The seven movements, most of them brief, follow one another without break:
- spacious and warm in tone, dominated by arching violin lines
- low in tessitura and sullen in atmosphere, a sombre nocturne marked by antiphonal brass octaves and, at its conclusion, a pair of tolling gongs
- a swift and energetic toccata
- Isabel’s aria, from the opera’s second scene. The aria immediately follows the testimony of three witnesses who have been brought secretly into the palace to let Isabel know their grievances. They claim that while they have starved, Gaveston has expropriated their land and indulged in extravagant musical entertainments. They also allude to the King’s transgressive sexual conduct. In response, Isabel controls her anger, acknowledges their shared humanity, but then gives the witnesses a stark lesson in the difference between monetary and aesthetic value, dissolving in front of them a precious pearl, before throwing them out. She has, however, understood the warning, and realised that political stability will only be restored by Gaveston’s destruction
- a tumultuous tutti where, within a much more turbulent context, the brass octaves and gongs from the second movement return
- a slow and stately chorale which eventually erupts into a sustained orchestral conflagration
- a short, restless coda
Interludes and Aria is dedicated to Sir Simon Rattle on his 70th birthday.
G.B. July 2024
Reviews
Benjamin’s score combines the ravishing and the visceral in a way that only he can.

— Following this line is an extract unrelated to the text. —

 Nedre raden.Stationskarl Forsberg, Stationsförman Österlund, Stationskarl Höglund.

Evening Standard (Barry Millington) 13 January 2025 *****
Benjamin’s work was worthy of the occasion…Moody, dissonant, flamboyantly orchestrated and with a coiled tension that finally exploded like a volcano, it was thrillingly performed by the LSO, with Barbara Hannigan by turns taunting and tempestuous in the soprano solo.
The Times (Richard Morrison) 10 January 2025 *****
That opera’s rich orchestral interludes, vital to the drama, have been woven together, absorbing all anew into a many-layered instrumental texture, full of momentous brass outbursts, tolling gongs and clangorous cimbalom…Time for the Royal Opera to revisit it?

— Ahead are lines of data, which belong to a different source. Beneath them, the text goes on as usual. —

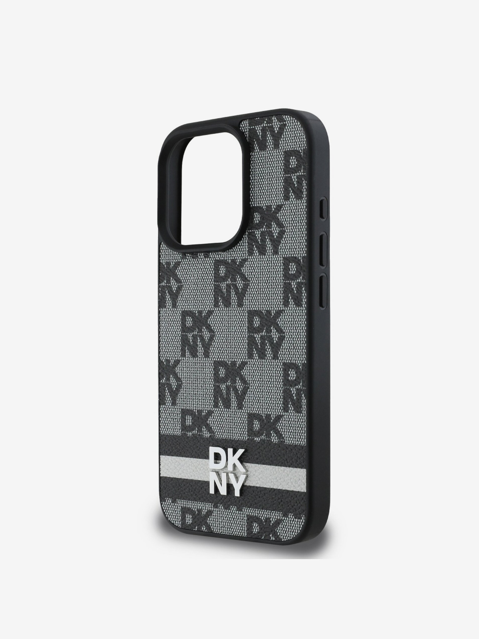DKNY PU Leather Repeat Pattern Bottom Stripe MagSafe Zadní Kryt pro iPhone 16 Pro Black
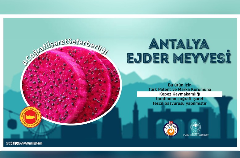 Antalya Valiliği öncülüğünde sürdürülen Coğrafi İşaret Seferberliği kapsamında, Antalya’ya özgü Ejder Meyvesi için Türk Patent ve Marka Kurumu’na coğrafi işaret tescil başvurusu gerçekleştirildi. Başvuru, Kepez Kaymakamlığı tarafından yapıldı.
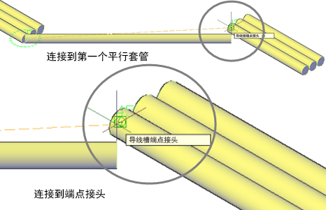 - 选择平行套管或管道。确保已选择套管或管道上的端点接头点。

The Observer (Fiona Maddocks) 18 January 2025 ****
… a stage work in which the orchestral writing often seems to take charge of the drama…woven into a seamless, richly scored sequence…
The Guardian (Andrew Clements) 13 January 2025 ****
The result is reminiscent of Berg’s suite from Lulu, both for being drawn from an opera and in its potent sense of suppressed danger ready to snuff out any fleeting spark of true love…Away from the opera house, Benjamin’s music sounds just as concentrated as before, compelling and expressive at every turn.
Financial Times (Richard Fairman) 13 January 2025 ****
…the sensual extravagance of [Benjamin’s] operatic writing is a recent development…the Messiaen of St François’ stigmata comes out in the first of the six interludes, then the shadows in the cave under the cliffs of Debussy’s Pelléas in the second. Wave upon wave of Bergian, expressionist release crashed over the orchestra after the aria…Hannigan caressed a luscious melisma over the “slow radiance” of Martin Crimp’s text, and the controlled sensuality of the moment was worthy of Strauss and Hofmannsthal.